Types of fasteners and how industries use them

Fasteners are used to connect two or more objects, either permanently or temporarily. There are many different types of fasteners, each with its own purpose.

Fasteners can be broadly classified as permanent or non-permanent. Permanent fasteners, such as rivets and nails, are single-use fasteners designed to connect two materials or parts permanently. Removing the fastener destroys it.

On the other hand, non-permanent fasteners are designed to allow easy removal and reuse. Fasteners such as bolts and screws are commonly used in many businesses and products because they allow parts to be disassembled and reassembled when necessary.


Threaded Fasteners

Threaded fasteners are most commonly used to assemble components, as they can be easily installed and uninstalled as needed. There are 3 main types of industrial fasteners: screws, bolts, and studs.

The bolt has a head on one end (this is usually a hex head) and is threaded on the other. They are typically used in conjunction with a nut (and sometimes a washer) to hold them in place.

Screws are like bolts in that they have a head at one end and a thread at the other. The main difference is that screws are typically used to screw into internally threaded holes. There are many different types of screws, such as cap screws, machine screws, and wood screws.

Studs are threaded at both ends and therefore have no head. They are used to connect two components with internally threaded holes.


Types of Threaded Fasteners

Bolts and setscrews – Bolts and set screws typically have a hexagonal head with a single thread. They can be used with a nut or in a threaded hole. The bolt usually has a shank under the head, while the set screw is threaded.

Carriage Bolts – Also known as cup square hex bolts, these have smooth circular heads with a square underside. These are used to secure wood to metal.

Eye Bolts – These bolts have a circular ring instead of the traditional head and are used to attach a rope or chain to a surface.

U-bolts – These bolts are used to attach round objects such as pipes and tubes to a wall or other surface.
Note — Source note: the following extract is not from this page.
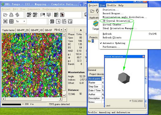 在某些分析中,某些晶粒的3D取向图的加入会使得信息更加丰富和直观,做3D取向图时,如图12所示,首先需要打开IPF图或者Euler图,然后点击View→3D Crystal Orientation,则会出现某晶粒的三维图,在IPF图或者Euler图点击另外的晶粒,则又出现相应的图。

Wood Screws – Featuring a smooth shank and tapered point, these screws are used in wood and come in various head shapes such as Phillips, slotted or posidrive.

Machine Screws – Machine screws are used with a nut or a tapped hole. Thread-cutting machine screws are also available, which have a thread-cutting point.

Self-Tapping Screws – Often referred to as self-tappers, these screws are used in sheet metals. Self-tapping screws tap their own thread.

Socket Screws – These screws have a smooth shank and an Allen head and are fastened using an Allen key. Socket screws come with various head shapes, such as buttons, socket caps, and countersunk.

Grub Screw – A grub screw is a special type of screw that usually does not have a head. These are used to prevent motion or rotation between two parts.



Nuts are used with bolts to join two or more parts together. The most common type of nut is the hexagonal nut, but there are many different types of nuts for use in different applications.

Hex Nut – A plain, hexagonal nut with an internal thread. These are by far the most common type of nut and are used in many industries and applications.

Lock Nuts – These nuts are used when the nut needs to be locked in place without being clamped to any other object.

Nylon Insert Nuts – Commonly known as Nyloc Nuts, these hexagonal-shaped nuts have a nylon insert that prevents the nut from loosening due to vibration.

Shear Nuts – These cone-shaped nuts have a hexagonal gripping point that closes when maximum torque is reached, leaving only the cone-shaped nut that is difficult to remove.

Wing Nuts – Commonly used in applications where the nut needs to be removed frequently, wing nuts have two outer “wings” that allow for manual turning.



Washers are typically used between the head of a bolt, screw, or nut and the material to which they are clamped. Their primary function is to increase the bearing area of ​​the head, as well as to protect the material below it from damage. There are many different types of washers, each with its own uses.

Flat washers are the most common type of washer and are used to evenly distribute a load of a bolt, screw, or nut as the fastener is tightened.

Spring washers – These locking washers are designed to prevent the bolt, screw, or nut from loosening from vibration.

Cup washers – Cup washers form a cup to fit into the head of the fastener, creating a flush finish with the fastener head. They are used in conjunction with a wood screw.